OpenPYXL Poor Performance Optimisation
Problem:
OpenPYXL is a python library for parsing excel files. It's fantastic and works really well. Plenty of features are supported but my primary use-case is to simply read data from various sheets and convert the contents into a dictionary / list of dictionaries.
The problem is, if you have a massive spreadsheet, this can take AGES. Usually this is down to the code you're using to read the sheet. It's incredible what a difference a few optimisations can make.
Example:
I have a spreadsheet with 20,355 entries and 4 columns. We want to turn this into a list of dictionaries - where each element of the list corresponds to a row, and the key of the dictionary is the heading of that row. This example is from a real problem which I had to deal with (but have simplified for the scope of this test).
The headings of the rows are defined from the first row in the sheet. This ensures that rows can be rearranged or added to without hardcoding a particular row to a particular dataset within code (which is horrible, please please never do that!)
Firstly, I want to highlight that some optimisations have already been made. Specifically the first is to use read only mode when loading the workbook. This can be done by specifying read_only=True in the load_workbook function like so:
workbook = openpyxl.load_workbook(EXCEL_FILE, read_only=True)

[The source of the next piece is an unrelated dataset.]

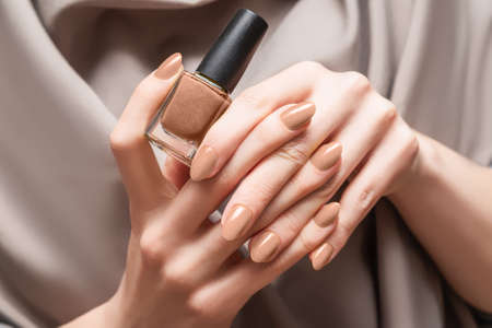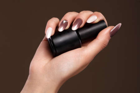 Female hand with beige nail design. Brown nail polish manicure. Woman hand hold beige nail polish bottle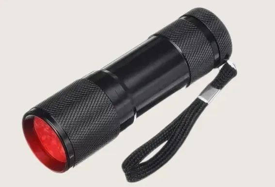A compact 9-LED red light flashlight that preserves night vision. Runs on 3 AAA batteries (not included) and features a wrist strap for convenience.

Here's the first function used:
def slow_openpyxl():
start_time = time.time()
workbook = openpyxl.load_workbook(EXCEL_FILE, data_only=True,read_only=True)
sheet = workbook['Sheet1']
max_cols = sheet.max_column+1
max_rows = sheet.max_row+1
header = []
for col_num in range(1, max_cols):
if sheet.cell(row=1, column=col_num).value is None:
break
else:
header.append(sheet.cell(row=1, column=col_num).value)
sheet_list = []
for row_num in range(2, max_rows):
new_entry = {}
for col_num in range(1, max_cols):
if sheet.cell(row=row_num, column=col_num).value is None:
new_entry[header[col_num-1]] = ""
else:
new_entry[header[col_num-1]] = sheet.cell(row=row_num, column=col_num).value
print(f'Row {row_num}/{max_rows} Time elapsed: {round(time.time()-start_time,2)}')
sheet_list.append(new_entry)
print('Done!')
There are a few bad things about this code, and I'll cover some:
1) The heading list is built separately - this means you need another loop and all it does is fetch the headings. This isn't that bad as it's only one row.
2) We're using the max_row and max_column properties of an excel sheet. This is bad because excel sheets can actually be bigger than they appear, and you end up iterating through lots of empty cells.
3) The really bad part is the use of the sheet.cell(row=x,column=y).value function. This is exceedingly slow.
4) What makes #3 even worse, is we're calling the function multiple times! Once when checking if it's None, and again when actually assigning the value to the dictionary. If using resource hungry functions, assign them to temporary variables instead of multiple function calls.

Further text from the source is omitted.